Exercise details. Repeat word for word every line of the data below, from the first through the line containing "当時はネットで何かを調べるな", and stop there.

─── Material supplied ───

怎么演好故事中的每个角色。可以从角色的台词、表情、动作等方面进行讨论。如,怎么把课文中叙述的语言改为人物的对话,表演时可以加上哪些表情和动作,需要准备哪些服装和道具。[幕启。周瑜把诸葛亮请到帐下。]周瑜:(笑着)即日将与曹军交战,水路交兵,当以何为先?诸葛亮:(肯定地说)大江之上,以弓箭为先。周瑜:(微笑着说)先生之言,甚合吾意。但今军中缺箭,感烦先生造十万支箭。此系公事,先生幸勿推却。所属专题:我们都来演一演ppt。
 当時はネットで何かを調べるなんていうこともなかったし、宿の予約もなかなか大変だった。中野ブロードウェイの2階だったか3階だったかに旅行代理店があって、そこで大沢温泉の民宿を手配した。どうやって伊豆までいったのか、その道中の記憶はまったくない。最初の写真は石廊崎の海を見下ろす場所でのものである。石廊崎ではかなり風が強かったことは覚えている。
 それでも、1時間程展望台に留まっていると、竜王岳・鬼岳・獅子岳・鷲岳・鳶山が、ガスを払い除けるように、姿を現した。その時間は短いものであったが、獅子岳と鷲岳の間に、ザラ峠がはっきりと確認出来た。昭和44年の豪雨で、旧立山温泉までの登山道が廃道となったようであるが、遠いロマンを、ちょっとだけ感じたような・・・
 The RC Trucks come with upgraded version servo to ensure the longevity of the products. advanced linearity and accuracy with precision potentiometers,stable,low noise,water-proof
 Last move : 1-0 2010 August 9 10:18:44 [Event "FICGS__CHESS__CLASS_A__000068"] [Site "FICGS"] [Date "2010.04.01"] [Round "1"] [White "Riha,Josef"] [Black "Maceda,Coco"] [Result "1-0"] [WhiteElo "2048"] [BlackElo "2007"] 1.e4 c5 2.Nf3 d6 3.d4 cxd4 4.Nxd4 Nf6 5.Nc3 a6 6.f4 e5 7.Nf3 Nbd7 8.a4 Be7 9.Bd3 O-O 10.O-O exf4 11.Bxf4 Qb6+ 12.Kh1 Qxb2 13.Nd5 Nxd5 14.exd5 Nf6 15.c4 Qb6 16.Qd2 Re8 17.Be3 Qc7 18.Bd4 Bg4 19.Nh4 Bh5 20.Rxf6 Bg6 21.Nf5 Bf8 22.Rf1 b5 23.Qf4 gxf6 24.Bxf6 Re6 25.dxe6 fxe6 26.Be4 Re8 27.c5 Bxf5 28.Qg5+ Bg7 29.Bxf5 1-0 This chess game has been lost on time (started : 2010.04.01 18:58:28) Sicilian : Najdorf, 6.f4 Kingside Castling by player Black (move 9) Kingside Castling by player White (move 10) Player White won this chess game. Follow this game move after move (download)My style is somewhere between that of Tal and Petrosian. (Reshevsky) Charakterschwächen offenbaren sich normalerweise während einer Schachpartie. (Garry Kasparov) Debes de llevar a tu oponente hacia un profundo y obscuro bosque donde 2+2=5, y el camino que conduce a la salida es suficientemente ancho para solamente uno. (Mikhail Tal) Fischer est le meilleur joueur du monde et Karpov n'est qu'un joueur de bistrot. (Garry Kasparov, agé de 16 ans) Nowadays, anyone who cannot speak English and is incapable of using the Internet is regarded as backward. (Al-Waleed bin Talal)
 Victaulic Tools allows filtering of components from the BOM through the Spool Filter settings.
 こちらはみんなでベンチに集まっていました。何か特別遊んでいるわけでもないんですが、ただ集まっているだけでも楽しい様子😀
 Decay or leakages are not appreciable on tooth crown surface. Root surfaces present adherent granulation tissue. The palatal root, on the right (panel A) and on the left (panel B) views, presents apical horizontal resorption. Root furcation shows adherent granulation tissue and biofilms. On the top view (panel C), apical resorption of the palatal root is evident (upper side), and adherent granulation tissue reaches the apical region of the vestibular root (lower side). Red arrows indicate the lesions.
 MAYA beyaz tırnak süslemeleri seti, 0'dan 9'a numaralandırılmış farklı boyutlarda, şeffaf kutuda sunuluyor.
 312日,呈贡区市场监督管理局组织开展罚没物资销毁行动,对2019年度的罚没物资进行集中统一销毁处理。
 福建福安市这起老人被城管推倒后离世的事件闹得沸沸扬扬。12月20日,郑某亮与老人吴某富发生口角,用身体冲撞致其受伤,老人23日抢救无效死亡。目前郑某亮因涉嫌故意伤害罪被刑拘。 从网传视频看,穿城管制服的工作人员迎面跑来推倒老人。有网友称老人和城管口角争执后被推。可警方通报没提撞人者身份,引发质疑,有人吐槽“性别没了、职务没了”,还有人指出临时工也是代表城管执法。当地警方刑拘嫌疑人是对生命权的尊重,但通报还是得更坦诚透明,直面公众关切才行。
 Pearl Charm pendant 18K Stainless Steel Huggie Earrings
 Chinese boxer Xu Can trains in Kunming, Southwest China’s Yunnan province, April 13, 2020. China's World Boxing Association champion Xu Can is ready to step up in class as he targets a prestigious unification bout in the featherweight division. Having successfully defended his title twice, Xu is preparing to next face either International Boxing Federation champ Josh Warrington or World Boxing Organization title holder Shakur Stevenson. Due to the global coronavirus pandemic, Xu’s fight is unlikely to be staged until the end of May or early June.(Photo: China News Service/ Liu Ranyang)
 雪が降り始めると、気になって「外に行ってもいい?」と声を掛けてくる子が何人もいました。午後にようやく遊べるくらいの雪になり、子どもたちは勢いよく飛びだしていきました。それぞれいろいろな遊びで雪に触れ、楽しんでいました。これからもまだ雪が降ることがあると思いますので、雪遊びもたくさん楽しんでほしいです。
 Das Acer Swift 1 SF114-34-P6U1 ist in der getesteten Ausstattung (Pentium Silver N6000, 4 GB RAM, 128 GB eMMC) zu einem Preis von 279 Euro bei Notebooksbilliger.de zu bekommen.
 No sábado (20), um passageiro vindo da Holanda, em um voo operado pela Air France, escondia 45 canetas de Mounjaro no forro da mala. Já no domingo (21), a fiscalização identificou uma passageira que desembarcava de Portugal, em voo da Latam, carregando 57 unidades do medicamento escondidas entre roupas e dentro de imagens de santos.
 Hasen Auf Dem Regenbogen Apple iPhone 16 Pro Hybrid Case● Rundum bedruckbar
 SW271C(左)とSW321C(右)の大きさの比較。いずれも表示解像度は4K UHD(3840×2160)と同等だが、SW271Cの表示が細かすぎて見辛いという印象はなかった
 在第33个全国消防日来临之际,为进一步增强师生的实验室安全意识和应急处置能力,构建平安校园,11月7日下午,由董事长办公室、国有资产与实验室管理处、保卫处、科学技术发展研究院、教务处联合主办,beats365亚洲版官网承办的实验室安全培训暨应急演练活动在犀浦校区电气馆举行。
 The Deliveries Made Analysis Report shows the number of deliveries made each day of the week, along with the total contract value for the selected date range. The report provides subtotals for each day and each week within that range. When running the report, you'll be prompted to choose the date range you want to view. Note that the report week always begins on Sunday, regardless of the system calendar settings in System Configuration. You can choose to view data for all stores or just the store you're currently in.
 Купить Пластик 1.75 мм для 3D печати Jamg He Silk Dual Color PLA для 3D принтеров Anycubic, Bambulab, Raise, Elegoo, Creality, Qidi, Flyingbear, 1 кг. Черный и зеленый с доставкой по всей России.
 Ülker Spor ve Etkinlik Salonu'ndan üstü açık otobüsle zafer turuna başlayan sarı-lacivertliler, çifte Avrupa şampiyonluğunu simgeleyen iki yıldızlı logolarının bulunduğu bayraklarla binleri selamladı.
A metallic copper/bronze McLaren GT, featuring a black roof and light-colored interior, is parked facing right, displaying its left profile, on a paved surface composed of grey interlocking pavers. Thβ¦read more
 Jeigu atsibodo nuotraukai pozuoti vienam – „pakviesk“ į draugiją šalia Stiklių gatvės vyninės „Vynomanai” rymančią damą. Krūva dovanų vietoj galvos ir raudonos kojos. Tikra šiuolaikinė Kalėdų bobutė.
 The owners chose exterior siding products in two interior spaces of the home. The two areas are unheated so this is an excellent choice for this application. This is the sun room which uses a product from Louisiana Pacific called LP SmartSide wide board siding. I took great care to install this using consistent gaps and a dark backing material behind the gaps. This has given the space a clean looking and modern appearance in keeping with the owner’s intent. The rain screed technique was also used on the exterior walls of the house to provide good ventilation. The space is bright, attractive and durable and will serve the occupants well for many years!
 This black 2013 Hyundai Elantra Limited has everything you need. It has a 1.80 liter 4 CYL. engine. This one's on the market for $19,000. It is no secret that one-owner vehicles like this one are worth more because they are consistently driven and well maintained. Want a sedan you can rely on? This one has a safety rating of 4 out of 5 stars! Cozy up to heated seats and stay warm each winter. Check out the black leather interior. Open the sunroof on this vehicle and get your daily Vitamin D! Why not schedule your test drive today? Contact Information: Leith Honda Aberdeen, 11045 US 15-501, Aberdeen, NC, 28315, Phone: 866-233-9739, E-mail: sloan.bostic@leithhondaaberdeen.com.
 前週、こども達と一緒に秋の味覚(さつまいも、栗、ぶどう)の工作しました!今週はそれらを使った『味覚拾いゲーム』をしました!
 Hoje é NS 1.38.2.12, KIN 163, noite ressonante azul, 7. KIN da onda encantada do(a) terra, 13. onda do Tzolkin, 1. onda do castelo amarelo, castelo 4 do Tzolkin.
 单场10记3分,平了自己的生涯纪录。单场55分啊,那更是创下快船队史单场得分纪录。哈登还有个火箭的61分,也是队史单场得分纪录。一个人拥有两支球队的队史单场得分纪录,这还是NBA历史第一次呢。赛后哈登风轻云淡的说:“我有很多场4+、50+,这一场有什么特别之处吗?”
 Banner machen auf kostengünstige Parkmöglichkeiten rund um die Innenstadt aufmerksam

───

Answer section.
怎么演好故事中的每个角色。可以从角色的台词、表情、动作等方面进行讨论。如,怎么把课文中叙述的语言改为人物的对话,表演时可以加上哪些表情和动作,需要准备哪些服装和道具。[幕启。周瑜把诸葛亮请到帐下。]周瑜:(笑着)即日将与曹军交战,水路交兵,当以何为先?诸葛亮:(肯定地说)大江之上,以弓箭为先。周瑜:(微笑着说)先生之言,甚合吾意。但今军中缺箭,感烦先生造十万支箭。此系公事,先生幸勿推却。所属专题:我们都来演一演ppt。
 当時はネットで何かを調べるなんていうこともなかったし、宿の予約もなかなか大変だった。中野ブロードウェイの2階だったか3階だったかに旅行代理店があって、そこで大沢温泉の民宿を手配した。どうやって伊豆までいったのか、その道中の記憶はまったくない。最初の写真は石廊崎の海を見下ろす場所でのものである。石廊崎ではかなり風が強かったことは覚えている。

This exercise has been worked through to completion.